LAD is designed to interact with multiple lexical databases in a
transparent manner, so that the user-system treats LAD as a single
dictionary. The resulting system will be a useful tool for various
NLP-based AAC applications. Some applications that could benefit from
LAD would be a system with a speech synthesizer needing pronunciation
information, and a system with a syntactic-based word predictor using
morphological information to predict correct verb forms. LAD will also
be able to provide frequency information for systems designed to
enable word and/or letter prediction. These systems rely on frequency
information to determine appropriate choices for the next
word/letter(s) of input. LAD is currently being tested with a semantic
parser based on the reasoning principles used in Compansion (discussed
in the Section, Application Domain: Augmentative and Alternative
Communication, in Chapter 2). This application requires verb case
frame information as well as semantic category information and is
discussed in more detail in the next chapter. LAD can also provide the
necessary information for other NLP-based systems, such as machine
translation or syntactic parsers, as discussed at the end of Chapter
2.

Object-Oriented Design

The object-oriented paradigm is a set of theories, standards, and
methods that together represent a way of organizing knowledge (Budd,
1991). Actions occur when a message is sent to an object, the object
interprets the message and then performs some method in response to
the message. All objects are instances of a class and if the same
message is passed to multiple objects from the same class, they
perform the same method. The sender of the message to the object does
not need to know or even care to know how the action is accomplished,
just that it is done (Budd, 1991). To take this into the realm of
everyday living, if I call my local florist, Bill, and order a bouquet
of red roses for my mother, I do not care about the details of how the
florist actually fulfills my request; I just care that the order is
filled. In this example, Bill, an instance of the class florist, gets
a message, an order of a bouquet of red roses to be sent to Mary Mair,
requiring him to use a method, create_red_rose_bouquet, a function
providing actions to make up the bouquet of red roses, and another
method, delivery, to deliver my order to my mother. In addition, I can
be assured that if I call Bill to deliver a vase of pink carnations to
my neighbor, Lorraine, Bill will recognize the different variables and
use the appropriate methods to carry out this different request.

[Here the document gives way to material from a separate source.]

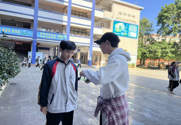 科技赋能成长,科普点亮梦想。11月25日,化能学院许书瑞、刘丹老师团队受邀走进清远市佛冈中学,以该校科技学术节为契机,化身 “科普摊主” 搭建趣味科技展台,将前沿学术知识与生动实践体验相结合,为学子们带来了一场兼具知识性与互动性的科学盛宴。

This notion of objects and classes is the basic building block of
object-oriented programming. In order to build upon this to increase
the power and flexibility of the paradigm the additional notion of
inheritance is utilized. Classes can be organized into hierarchical
structures that can inherit attributes and methods from the class (or
classes) that it is derived from. To take this back into my previous
example, Bill and I are both humans and thus inherit a great deal of
attributes and knowledge from the class human. I am also a Computer
Scientist and thus have a great deal of knowledge from the class
Computer_Scientist, while Bill is also a member of the Florist class
and thus has a great deal of knowledge associated with the Florist
class. In the human class there might be a function detailing the
basic actions needed in order to create a bouquet of red roses, such
as get a vase, fill it with water and place red roses in the vase. The
Florist class needs more detailed information than this. Therefore
they would have a method that overrides the basic method in the human
class with one that goes into more detail, such as cutting the stems
at an angle of 30 degrees while the stem is under water, placing the
roses into a vase filled with specially treated nutritious water, and
so on. With this brief discussion and example into what the
object-oriented paradigm is, the following paragraph will describe the
LAD object-oriented design as depicted in Figure 3.2.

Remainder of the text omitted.